Prolonged, extreme cold temperatures are having an impact on the City’s watermains and water services causing delays in response times to service calls related to the cold weather.
Toronto has been experiencing unprecedented, sub-zero temperatures for an extended period of time. Water pipes are buried below the frost line (the frost line is approximately four feet below the surface), but unusually cold weather is freezing the ground below the frost line, causing watermains to break more frequently and some water services, the underground pipes that brings water to homes, to freeze.
The City has hired contractors to help Toronto Water staff thaw frozen underground water services, and is making arrangements to purchase more thawing equipment. Additional staff are being reassigned to assist with frozen pipes and watermain breaks. Municipalities throughout the GTA are also experiencing a significant increase in watermain breaks and freezing pipes so we are unable to ask for assistance from our local neighbours.
The City is asking residents for their patience, as it deals with extremely high volumes of service calls related to the cold weather.
Fro, January 1 to February 28 the City has repaired 772 watermain breaks, received 1,839 no water calls and has repaired 438 leaking water services.
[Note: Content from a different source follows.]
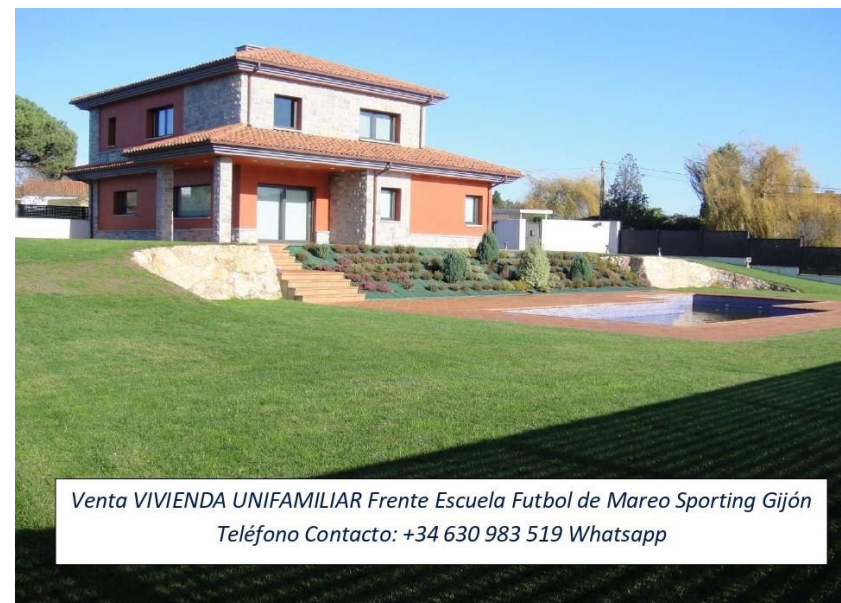
Venta VIVIENDA UNIFAMILIAR Frente Escuela Futbol de Mareo Sporting Gijón Teléfono Contacto: +34 630 983 519 Whatsapp

In 2013, there were approximately 1,500 watermain breaks recorded for the whole year.
How to help prevent underground water services from freezing after repair
- If your underground water service has been repaired by the City, please ensure you keep a tap open for a trickle of water to flow so there is some movement in the water pipes.
Tips to avoid frozen pipes in your home
- While the temperature is well below freezing, consider leaving a tap open enough for a trickle of water to flow so there is some movement in the water pipes that might be vulnerable to freezing.
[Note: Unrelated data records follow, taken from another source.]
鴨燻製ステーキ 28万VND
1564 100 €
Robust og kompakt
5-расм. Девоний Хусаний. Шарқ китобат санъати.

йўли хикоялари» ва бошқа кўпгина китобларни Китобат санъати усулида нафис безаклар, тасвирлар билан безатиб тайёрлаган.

- If your water pipes are attached to an uninsulated outside wall, remove the clamp from the pipes and gently pull the pipes away from the wall and wrap with insulation.
- Insulate all exposed outside water pipes with specially designed foam pipe covers, available at building supply or home improvement stores.
- Keep garage doors closed if there are water supply lines in the garage.
- Open kitchen, bathroom and laundry cabinet doors to allow warmer air to circulate around the plumbing.
- If you are leaving your home for an extended period of time, you can shut off the main service valve in your basement and open all taps to drain the water out of your plumbing lines to prevent them from freezing.
- Commercial water customers need to prepare for cold nights as well. Protect fire lines by wrapping all lines exposed to cold.
Precautions/steps to take to thaw water pipes in your home
- Do not use a torch with an open flame to thaw pipes, as this is a fire hazard.
- Ensure you know the location of your master water shut-off valve. The frozen pipe may be broken and when the water in it thaws it will leak. If the pipe is broken, you will need to shut off the water in your house until the pipe is repaired.
Steps to thaw a frozen pipe
- Turn on a tap in the basement, preferably the cold water faucet in the laundry room.
- Use a blow dryer to warm the suspected frozen pipe for one or two hours. Check blow dryer regularly to ensure it does not overheat.
- Place a warm towel or rag around the suspected frozen pipe.
- Depending on the outside temperature and the extent of freezing within the pipe, the thawing process could take between one and six hours.